J: I grew up with jazz musicians and some of my parents' New Wave and Punk records to some degree. And so I grew up with a lot of good music, which I'm very lucky for. But when I was 14, I asked for a guitar, got a guitar, and then my grandfather, a month later, gave us his little drum kit. Then I convinced my parents to buy my little brother a cheap bass because I really wanted the bass. Then I borrowed my older brother's four-track and just started recording songs immediately. I started playing all the instruments at the same time. I was going to be a jazz bass player and I apprenticed for a couple years with this guy. Then I heard The Velvet Underground and I was like, oh! I still love jazz, but then I became a drummer in a hardcore band when I was like fifteen or something with all these older guys. It was pretty funny. But then I just kept on just being a one man band type of guy for a long time. So, The Velvet Underground was my religious conversion experience. Even though I grew up with a lot of great music, [The Velvet Underground] and Motown, and Soul are probably my biggest influences and the things I add the most to this [band].
A: What are your other music projects, Jed?
J: My other music projects… I had my project, My Teenage Stride for years and Mick Trouble, which is like a fake British, Television Personalities type of thing. Oh and I'm also in a band called Creative Writing, so I'm fairly busy with music.

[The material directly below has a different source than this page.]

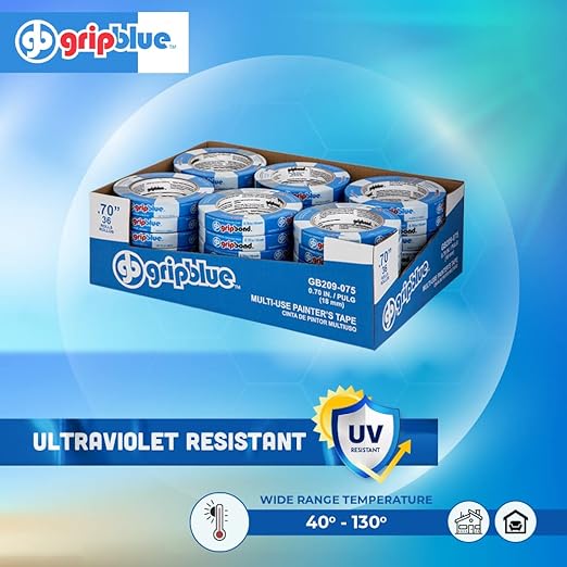 - ONE TAPE, MANY USES: GripBlue Blue Tape sticks to walls, wood, metal, and more. Ideal for painting, crafting, decorating, or kitchen touch-ups. A reliable choice for every project, every surface.

Just because it's close to Halloween right now, do any of you have any favorite halloween memories to share?
M: Back in the day before the pandemic, every Halloween, in the Brooklyn DIY scene, everybody would do cover sets. So all of our friends and bands would choose a band and it would be kind of like finals or something, you know, you'd be practicing up to the wire learning all of these songs to try and really nail it. One year, Yucky Duster did ABBA, which was one of the hardest things that I have ever tried to play. And it still feels like a feat.
J: Oh, that's why you know, “Dancing Queen.”
M: Yeah, that was a really fun Halloween. I still remember a few of the bass lines, but a lot of them have gone now.
A: Well, I guess in the fourth grade when I was struck by the pop like an asteroid. But also one year Jed and his two close friends did a Velvet Underground cover band at our friend Cindy's apartment. And it was like running so, so, so, so late. I was gonna sing I'll Be Your Mirror with them but we didn't go on until 3am and I was so drunk.
J: Yeah and it was so packed you couldn't move.
A: But it was fun. I bought a dress that I thought was kind of mod and I straightened my hair and tried using eyeliner, which I never put on. Those shows were very very fun. R.I.P. to that place.
J: Well, I was gonna dig up a Halloween memory, but I see that someone wrote Henry and James in heart and I thought it was just Henry James in heart. He wrote some classic ghost stories. So I guess we'll just shout out Henry James, The Turn of the Screw, among others. Happy Halloween, Henry James.